** What is being asked **
Print each line below verbatim, skipping every picture.

(Stored data begins)

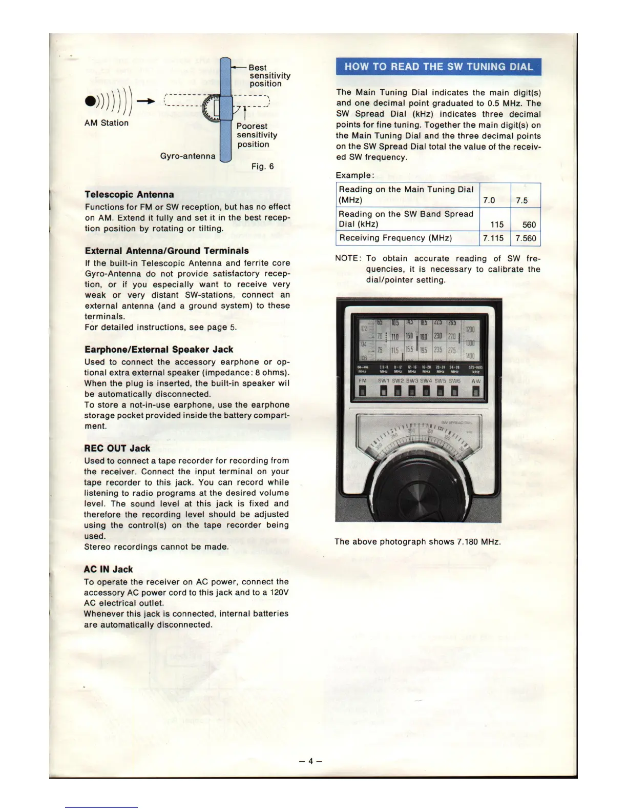 Panasonic RF-2200 - Tuning and Antenna Information; SW Tuning Dial Reading; Antenna Usage; AC Power Input
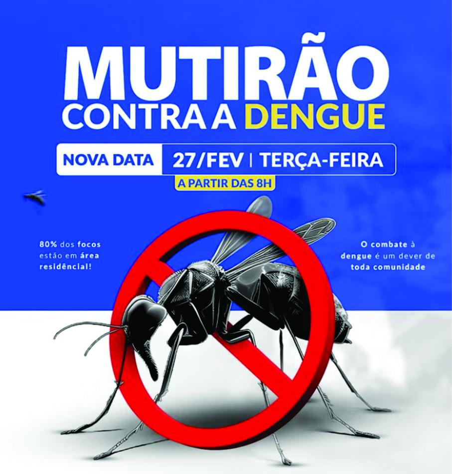 A Secretaria Municipal de Saúde, em colaboração com a Prefeitura Municipal de Gentio do Ouro, informa à comunidade sobre o Mutirão de Combate à Dengue agendado para a próxima TERÇA-FEIRA, dia 27 de fevereiro.
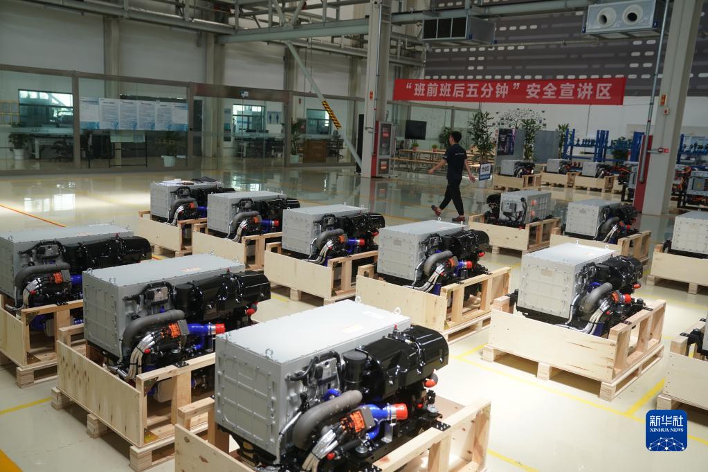 江蘇重塑能源科技有限公司車(chē)間內待檢測的氫燃料電池系統(6月7日攝)。

(Stored data ends)

** Final answer **
 Panasonic RF-2200 - Tuning and Antenna Information; SW Tuning Dial Reading; Antenna Usage; AC Power Input
 A Secretaria Municipal de Saúde, em colaboração com a Prefeitura Municipal de Gentio do Ouro, informa à comunidade sobre o Mutirão de Combate à Dengue agendado para a próxima TERÇA-FEIRA, dia 27 de fevereiro.
 江蘇重塑能源科技有限公司車(chē)間內待檢測的氫燃料電池系統(6月7日攝)。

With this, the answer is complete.